## The data
•••••
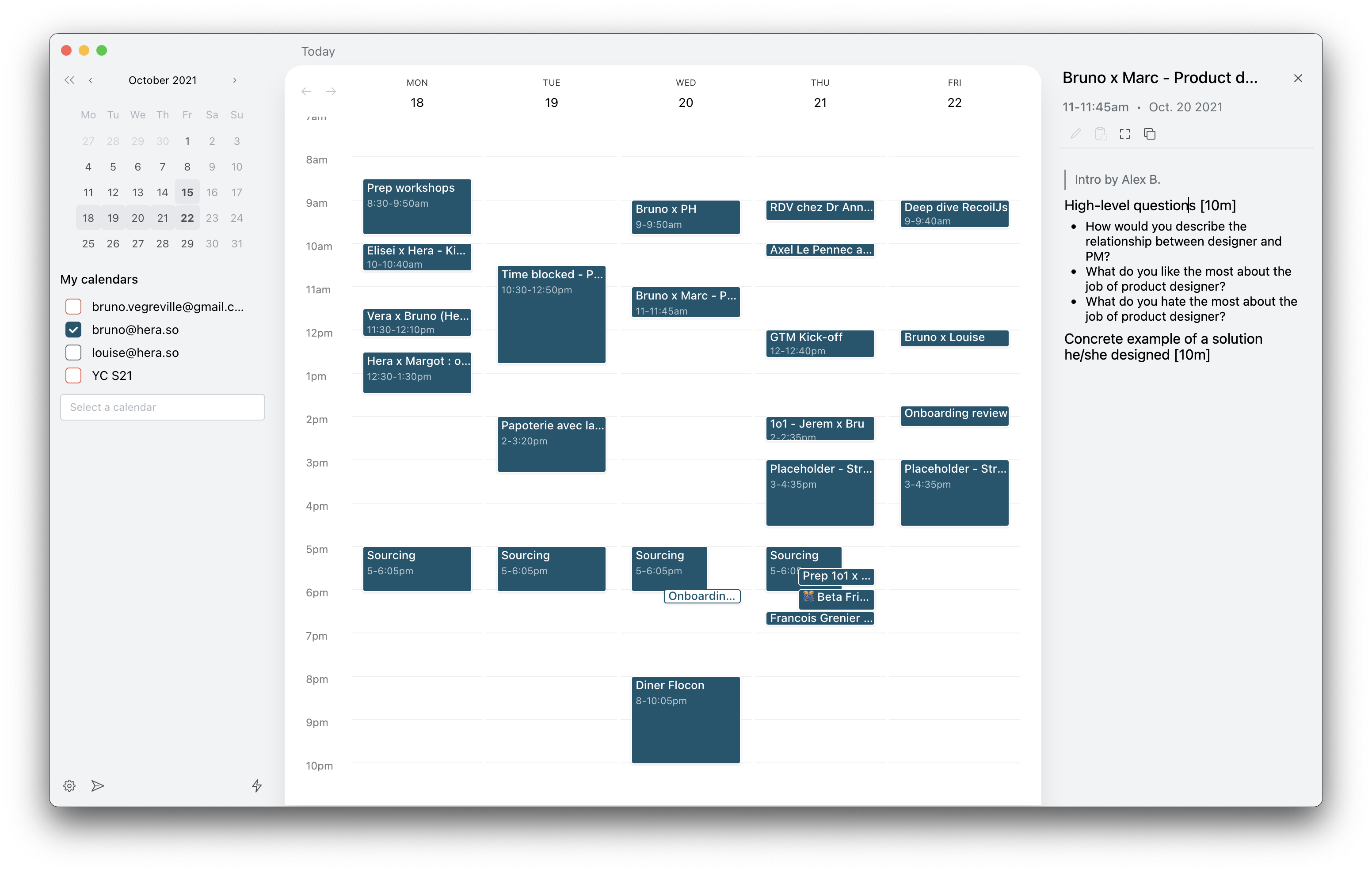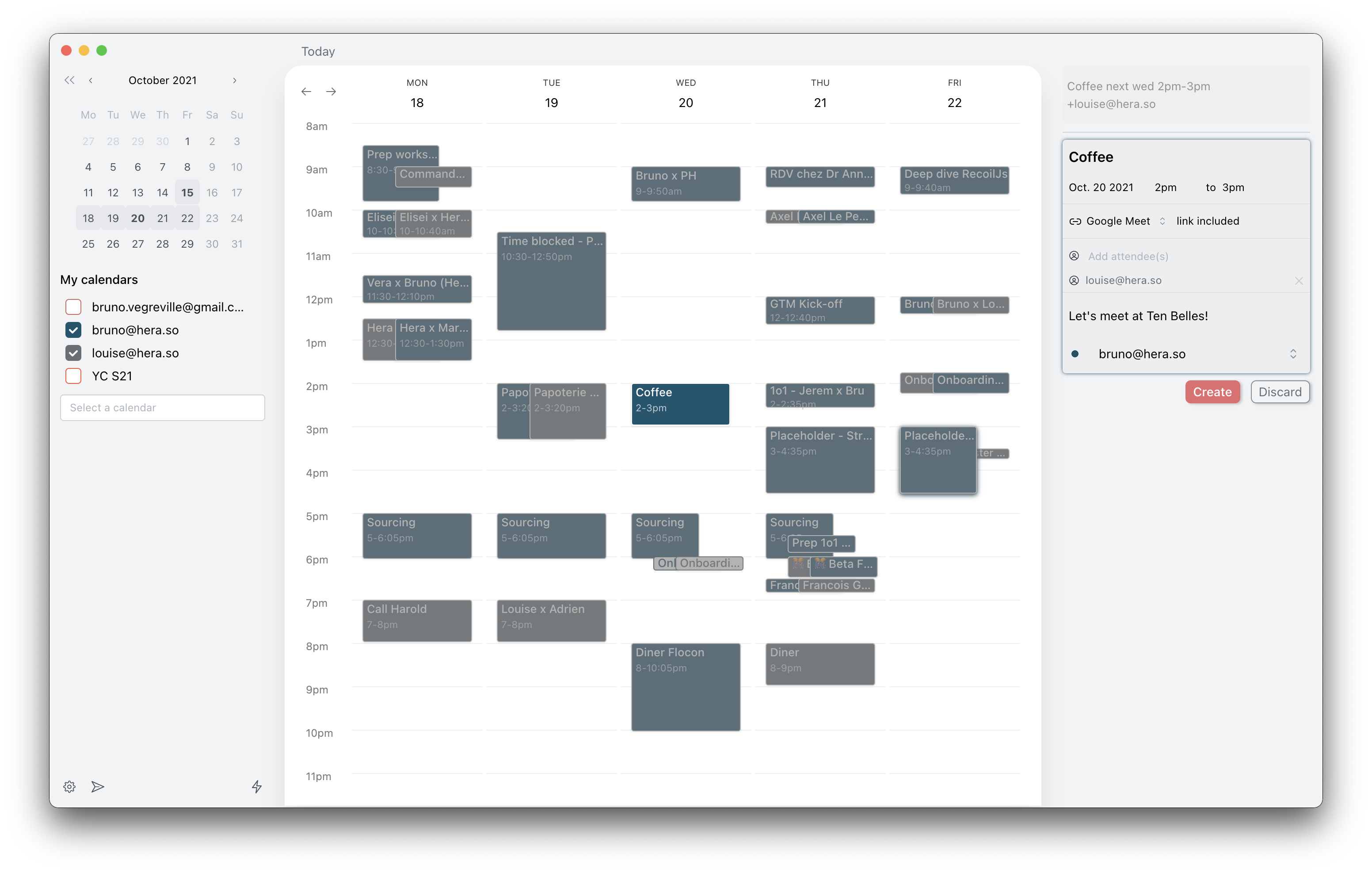 比如通过双人协作,以实现更好的日程安排。你还可以想象直接在日历中提及其它 Hera 用户,以获得会议的反馈。
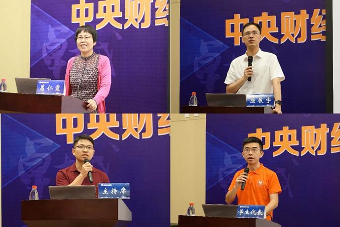 2018级金融学硕博连读研究生曹倩倩作为往届营员代表发言。她分享了在中财本科四年以及研一以来的学习感受和经验,指出“全国卓越金融学子夏令营”业已成为了她学习成长中最为珍贵和难忘的一段经历,希望学弟学妹们能够积极参与夏令营的每场活动,充分展示自己的风采,收获属于自己的成功。
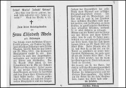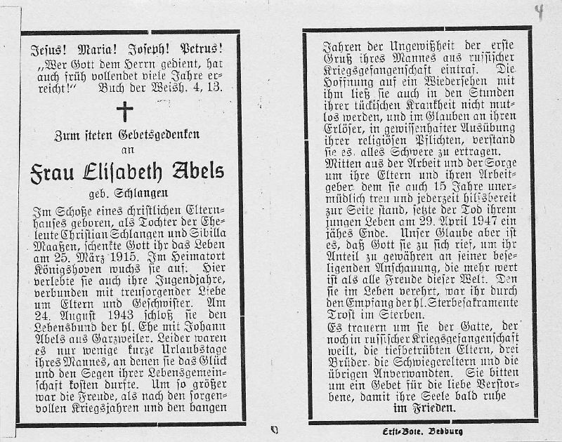 Eltern: Christian Schlangen u. Sibilla Maaßen; ∞ 24.8.1943 Johann Abels aus Garzweiler; Hochzeit während des Heimaturlaubes ihres Mannes von der Front, dieser immer noch in russischer Gefangenschaft |
•••••
## Task brief
Every line from the one that holds "2018级金融学硕博连读研究" to the end of the listing should be output exactly, with pictures left out, please.

## Written answer
 2018级金融学硕博连读研究生曹倩倩作为往届营员代表发言。她分享了在中财本科四年以及研一以来的学习感受和经验,指出“全国卓越金融学子夏令营”业已成为了她学习成长中最为珍贵和难忘的一段经历,希望学弟学妹们能够积极参与夏令营的每场活动,充分展示自己的风采,收获属于自己的成功。
 Eltern: Christian Schlangen u. Sibilla Maaßen; ∞ 24.8.1943 Johann Abels aus Garzweiler; Hochzeit während des Heimaturlaubes ihres Mannes von der Front, dieser immer noch in russischer Gefangenschaft |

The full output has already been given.